# First wash



## Big Kid (Jul 25, 2008)

After a week, three days of which it sat in my local friendly independent, I've had my first chance to give the new fella a wash and clean. Good excuse for some pictures too! Standard at the mo with a few marks to tidy up over time but here you go...


----------



## Wallsendmag (Feb 12, 2004)

I was in Wakefield yesterday ,good job you didn't clean it then it was pi%%ing down :lol:


----------



## Harv3y (Jun 2, 2008)

Like the alloys :wink:


----------



## SVStu (Dec 11, 2006)

Big Kid,

Ohhh nice sheen on that paintwork!!

Was it at IVC in Leeds by any chance?? Have you seen their TT's paintwork?

I'm in (not so) sunny Rothwell, Mike753TT wants to set up a North York meet, if youre interested?
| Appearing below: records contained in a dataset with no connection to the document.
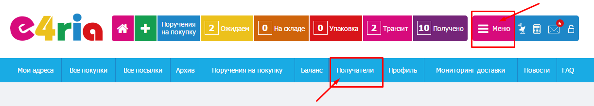 3. После заполнения таможенной декларации и предоставления инвойсов необходимо предоставить копию паспорта получателя. Копии указанных документов необходимо загрузить в Личный кабинет в карточку получателя – МЕНЮ → ПОЛУЧАТЕЛИ:
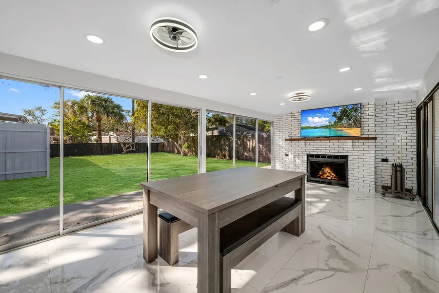 Located in Coconut Grove and bathed in desirable southern exposure, this beautifully furnished residence delivers a bright white interior, versatile living spaces, and a rare efficiency apartment all complemented by a private, fully fenced backyard ideal for relaxed Florida living. Thoughtfully designed to balance comfort and flexibility, the property includes covered carport parking in addition to guest parking, making it well suited for tenants or family and friends. A welcoming front patio sets the tone, while the interior unfolds into inviting living areas anchored by a fireplace that adds warmth and character. The main residence offers a well-planned three-bedroom, two-bath layout enhanced by crown molding, recessed lighting, ceiling fans, and tile flooring. The living room is designed for easy entertaining and comfortable day-to-day use, with thoughtful details throughout that elevate the overall experience. The kitchen is both stylish and functional, featuring crisp white shaker-style cabinetry, stainless steel appliances, a four-seater island, and clean finishes that complement the home's bright aesthetic. The kitchen flows effortlessly into a sun-filled sunroom, where abundant natural light pours in through glass sliders that open directly to the backyard, creating a seamless indoor-outdoor connection and a perfect setting for everyday living or casual gatherings. The primary bedroom enjoys tranquil backyard views and serves as a private retreat, complete with an ensuite bath showcasing a walk-in shower with a frameless glass enclosure and floor-to-ceiling tile. Two additional guest bedrooms provide comfortable accommodations, supported by a nearby bathroom finished to the same standard with a frameless glass walk-in shower and floor-to-ceiling tile. A well-appointed laundry room includes a full-size washer and dryer, upper cabinetry for storage, and a utility sink for added convenience. Additionally, a camera security system offers peace of mind. The efficiency apartment adds exceptional value and versatility, ideal for visitors, extended family, or flexible use, all while maintaining privacy within the fenced backyard setting. This is a unique opportunity to enjoy a furnished, move-in-ready home with multiple living options in a sought-after Naples location.
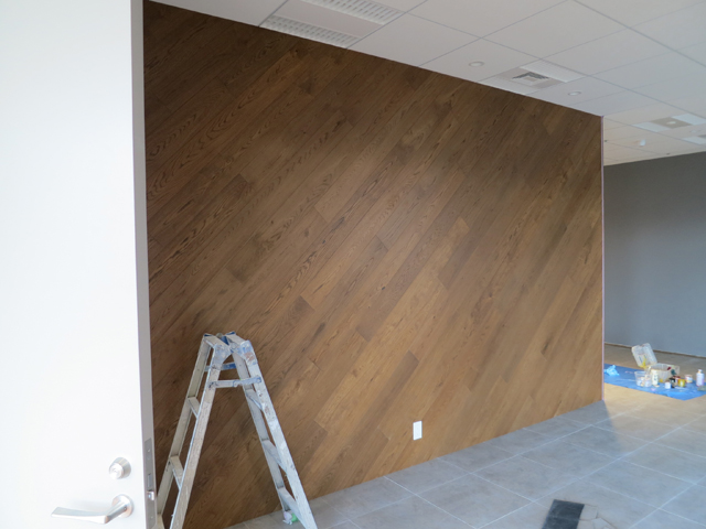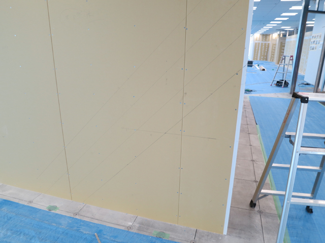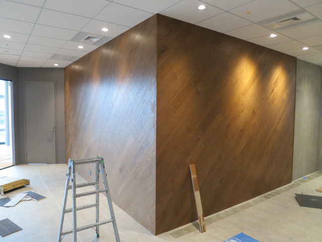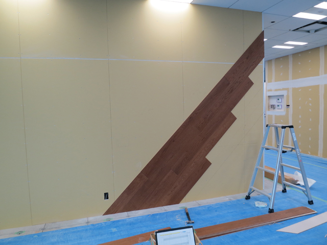 壁面の仕上げに不燃木材を使用しました。
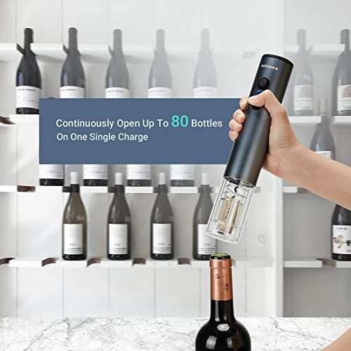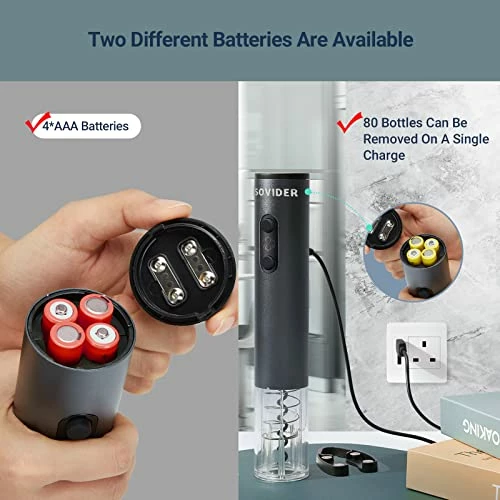 - γTWO USE MODE γSOVIDER Electric wine opener easily remove corks in 4-6 seconds and comes with the rechargeable batteries. One Charge Opens 80 Bottles.But if your wine opener without power to charge batteries when it’s dead . AAA batteries are also suitable for this wine opener sets too. Don’t worry and don’t be embarrassed, free yourself outdoor
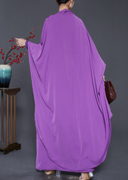 French Purple Oversized Draping Silk Two Piece Set Batwing Sleeve
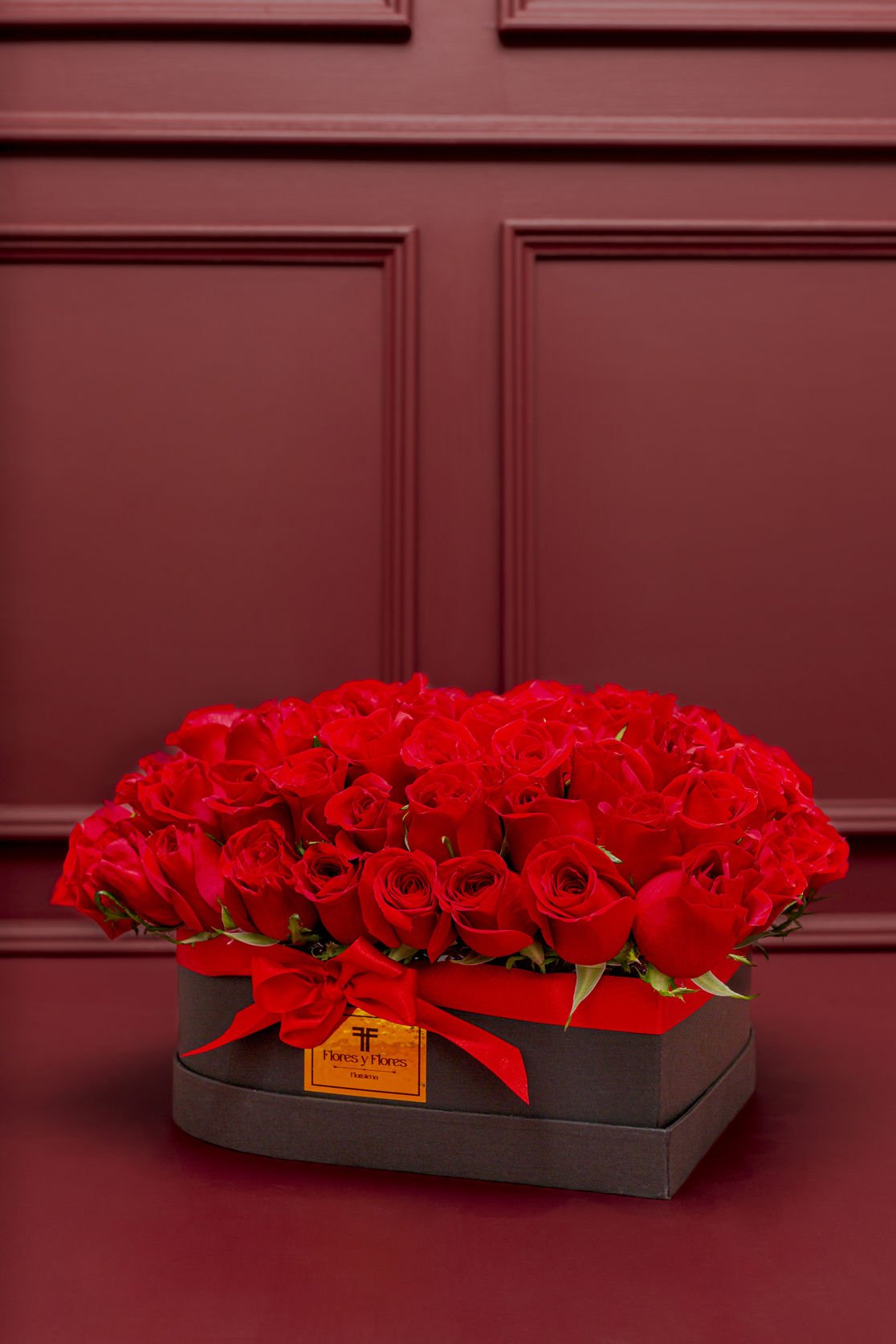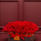 A beautiful heart in a luxury box, with 100 red roses arranged in a circular pattern, adding a touch of elegance and sophistication to the design. It comes with a red ribbon, a personalized card, and care instructions for the floral arrangement.
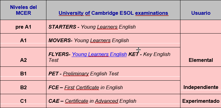 Si desea, igualmente, averiguar la versión en español sobre todos los exámenes de Cambridge, puede visitar la página de Cambridge ESOL.
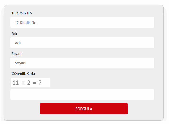 Gerekli olan bilgileri girin ve sorgula butonuna tıklayın.

Your "Comps" are the best OEM wheels IMO.


----------



## Harv3y (Jun 2, 2008)

Looking Good 8)


----------



## Big Kid (Jul 25, 2008)

Cheers Gents,

Car wasn't at IVC in Leeds. Straight from a trade in to my mate over in Huddersfield. Paint photographs alot nicer than it looks! Has seen too many car washes and is a bit swirled but a bit of TLC should sort it out. Agree with you about the 'Comps' mind... Was always wanting to get some RS4's but really like the look of these. Shame they seem to have been so attractive to kerbs in the past. Am up for a North Yorks meet but bare in mind I work in retail so weekends can be a difficulty :roll:

Just fitted a V6 valance after a good few hundred miles over the last few days am definitely in need of a wash and wax.

Steve


----------